→ **Your assignment**
Below are records with pictures in them. Transcribe everything from the line containing "Convites Navy Blue" down to the line containing "Men's shoes Summer", exactly, and leave the pictures behind.

→ **Input records**
*-*-*

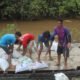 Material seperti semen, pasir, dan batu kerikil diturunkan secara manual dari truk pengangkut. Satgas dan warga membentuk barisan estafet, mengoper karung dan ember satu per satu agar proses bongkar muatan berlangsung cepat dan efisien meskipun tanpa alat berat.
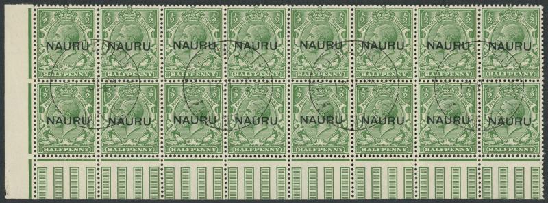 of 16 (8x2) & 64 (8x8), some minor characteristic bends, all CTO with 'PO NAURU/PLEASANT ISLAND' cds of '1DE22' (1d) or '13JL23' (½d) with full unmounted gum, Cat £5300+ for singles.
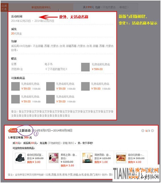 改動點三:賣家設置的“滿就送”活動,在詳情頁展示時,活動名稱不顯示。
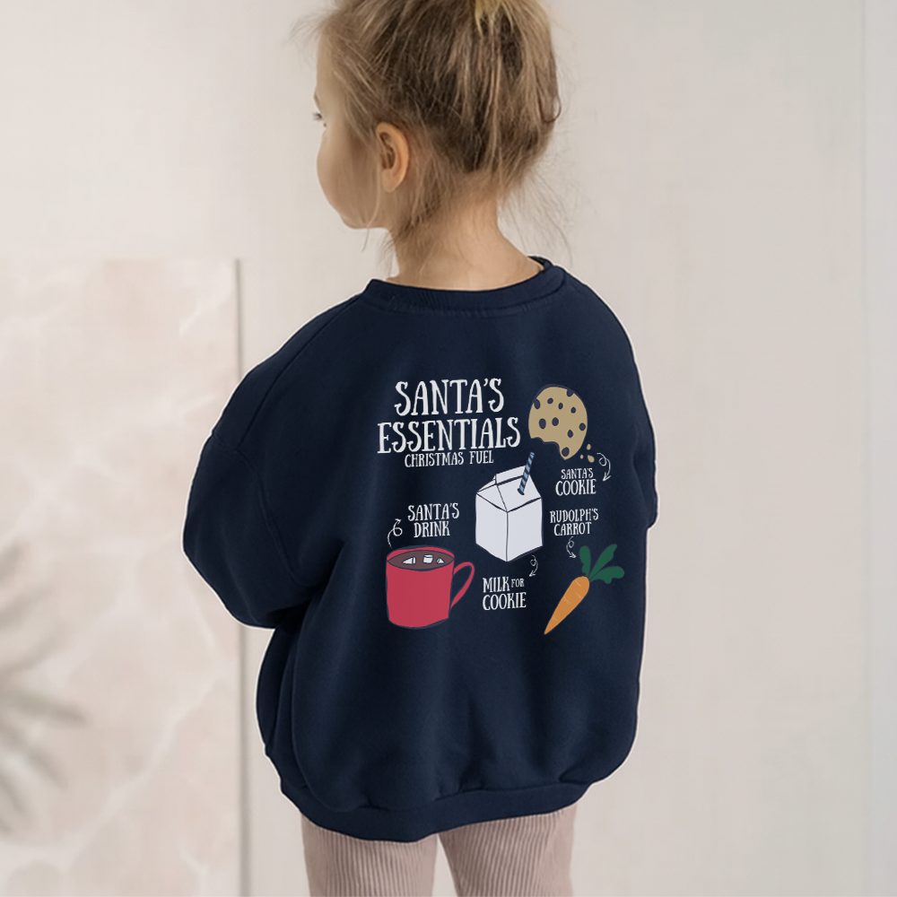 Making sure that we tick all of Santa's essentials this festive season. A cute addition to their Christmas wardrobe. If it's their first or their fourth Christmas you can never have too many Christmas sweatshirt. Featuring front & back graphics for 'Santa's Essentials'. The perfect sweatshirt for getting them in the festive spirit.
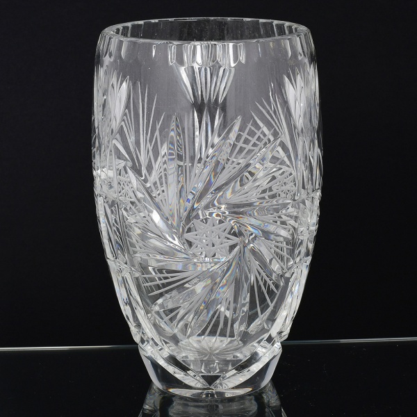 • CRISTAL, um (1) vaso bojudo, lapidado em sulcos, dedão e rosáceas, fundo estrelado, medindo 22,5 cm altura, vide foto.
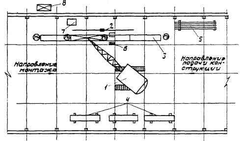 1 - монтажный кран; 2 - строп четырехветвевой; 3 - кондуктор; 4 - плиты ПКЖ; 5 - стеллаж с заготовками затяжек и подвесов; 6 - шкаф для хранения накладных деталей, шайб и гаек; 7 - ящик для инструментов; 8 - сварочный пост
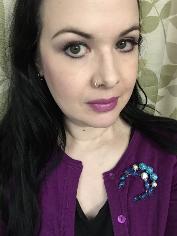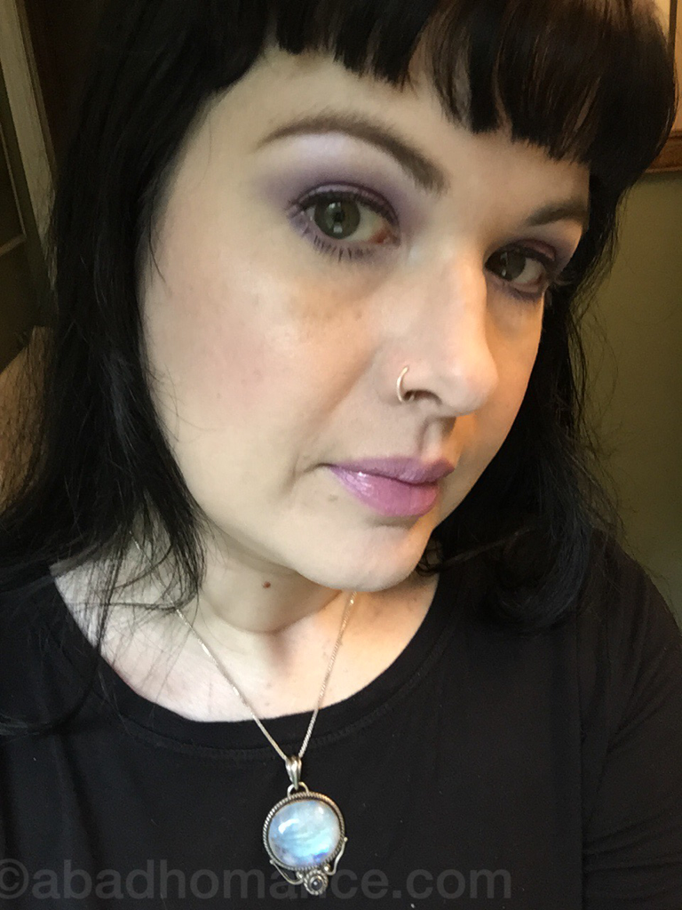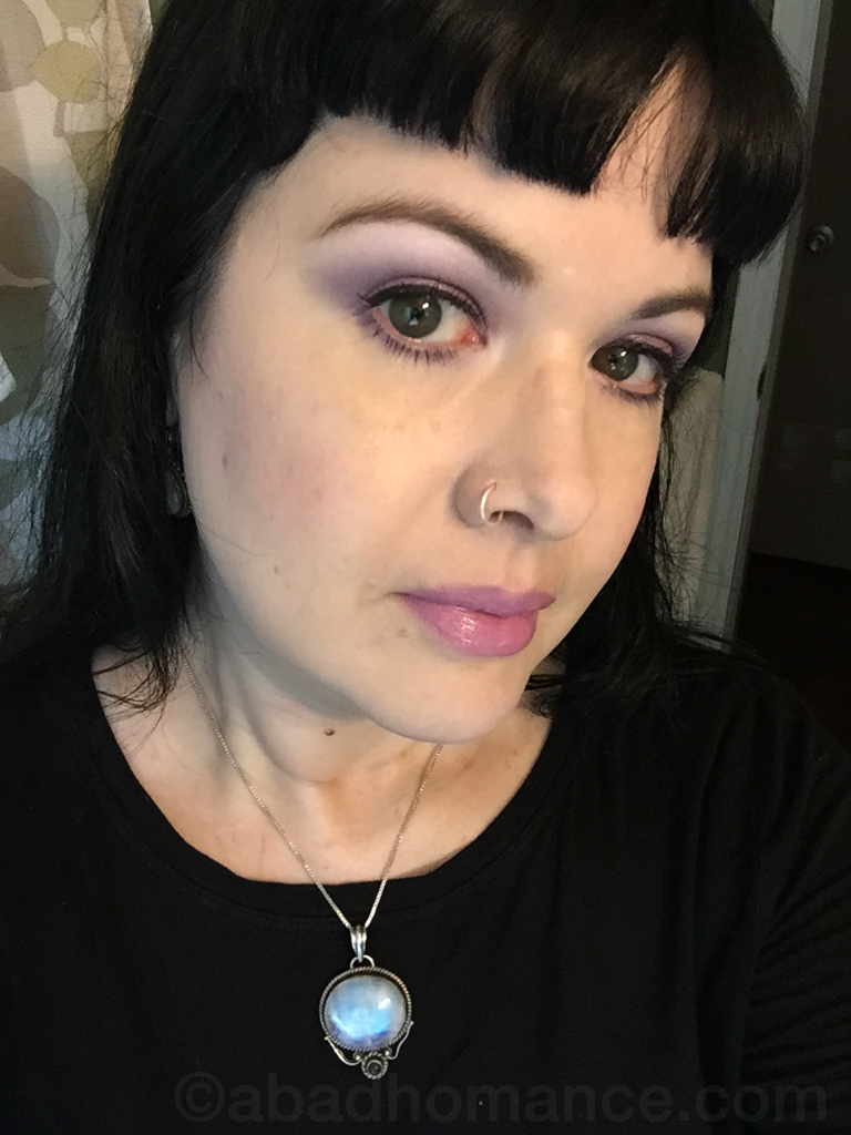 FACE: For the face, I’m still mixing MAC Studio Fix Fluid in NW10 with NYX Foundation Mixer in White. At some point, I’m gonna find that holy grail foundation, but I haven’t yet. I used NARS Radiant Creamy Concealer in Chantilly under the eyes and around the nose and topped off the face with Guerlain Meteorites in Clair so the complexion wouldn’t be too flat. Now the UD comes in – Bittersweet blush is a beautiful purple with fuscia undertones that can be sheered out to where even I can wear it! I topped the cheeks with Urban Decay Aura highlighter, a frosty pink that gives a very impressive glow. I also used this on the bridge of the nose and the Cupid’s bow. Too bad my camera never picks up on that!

*-*-*

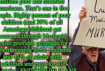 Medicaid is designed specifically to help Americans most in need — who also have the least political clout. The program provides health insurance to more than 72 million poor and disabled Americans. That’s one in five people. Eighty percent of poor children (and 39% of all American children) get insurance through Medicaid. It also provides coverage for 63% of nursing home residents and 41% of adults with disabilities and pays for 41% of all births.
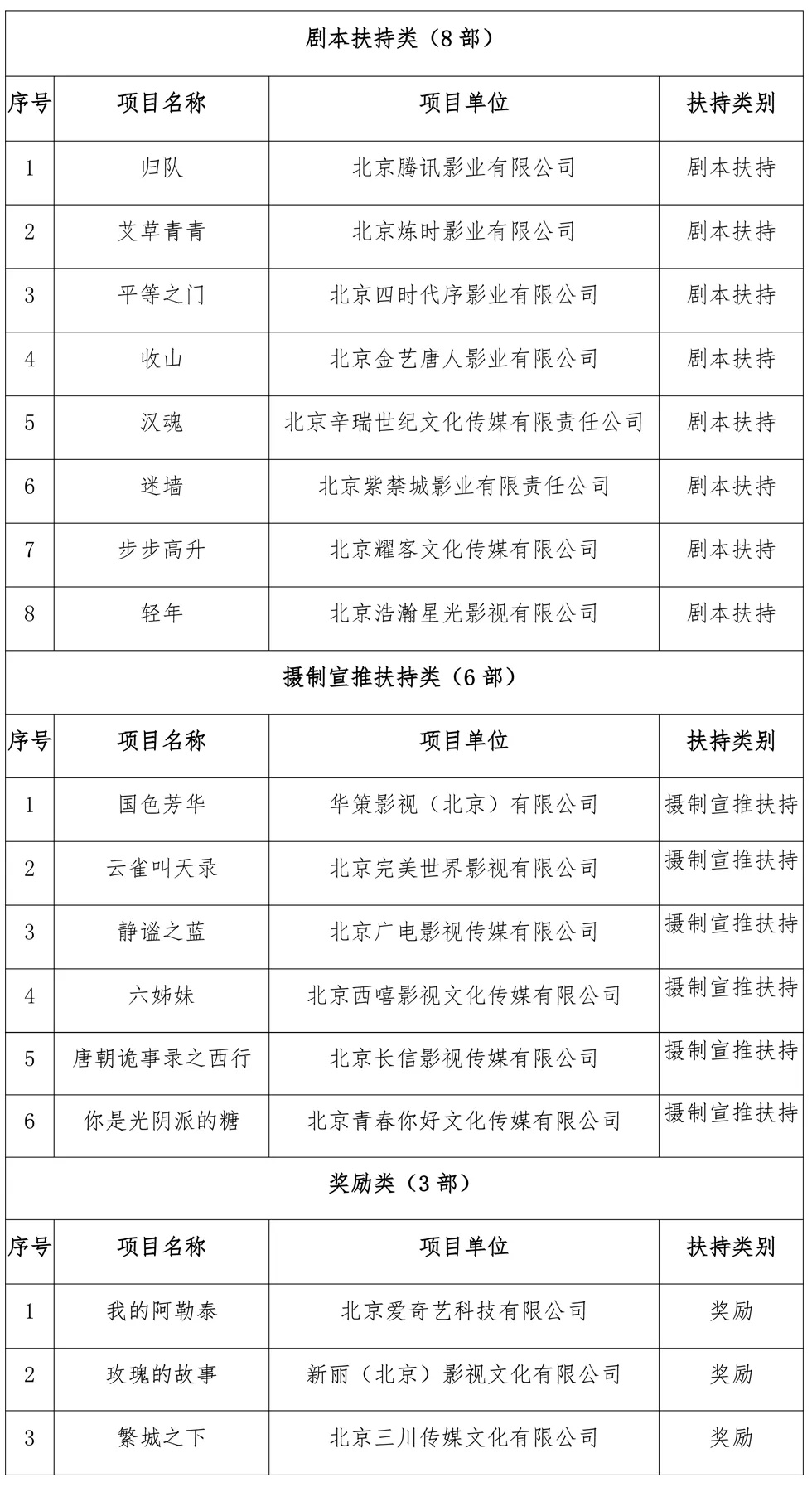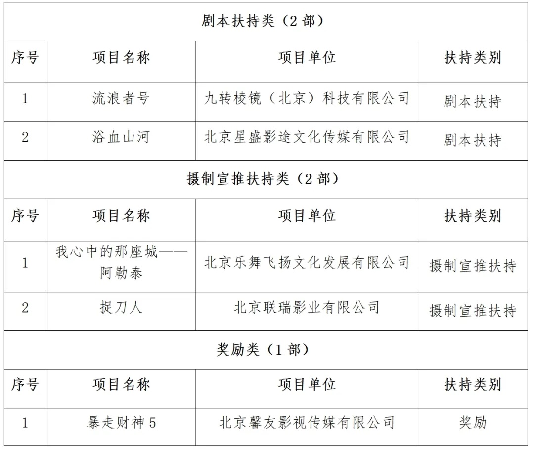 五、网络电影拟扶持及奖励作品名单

*-*-*

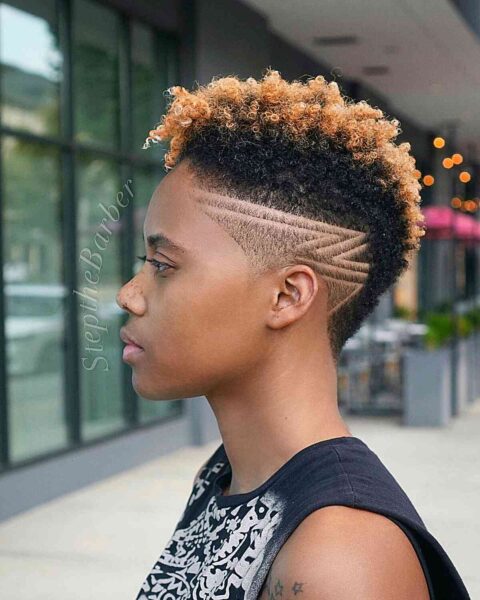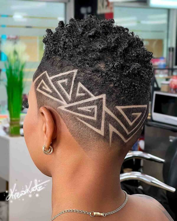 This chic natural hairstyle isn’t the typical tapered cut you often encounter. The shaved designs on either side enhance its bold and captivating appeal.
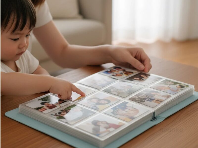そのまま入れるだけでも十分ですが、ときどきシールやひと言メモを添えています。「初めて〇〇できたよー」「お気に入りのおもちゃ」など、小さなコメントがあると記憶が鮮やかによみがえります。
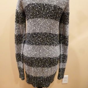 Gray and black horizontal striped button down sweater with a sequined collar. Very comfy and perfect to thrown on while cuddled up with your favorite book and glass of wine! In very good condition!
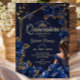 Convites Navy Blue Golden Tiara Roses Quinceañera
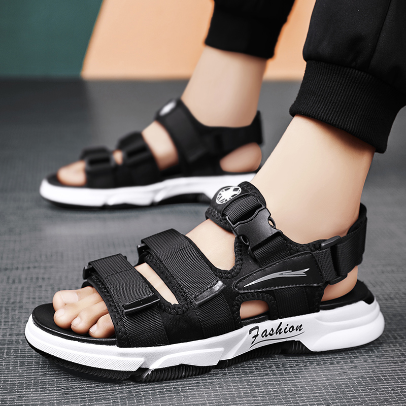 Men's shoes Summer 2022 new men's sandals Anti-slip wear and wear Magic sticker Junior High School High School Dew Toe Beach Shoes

*-*-*

→ **Response area**
 Convites Navy Blue Golden Tiara Roses Quinceañera
 Men's shoes Summer 2022 new men's sandals Anti-slip wear and wear Magic sticker Junior High School High School Dew Toe Beach Shoes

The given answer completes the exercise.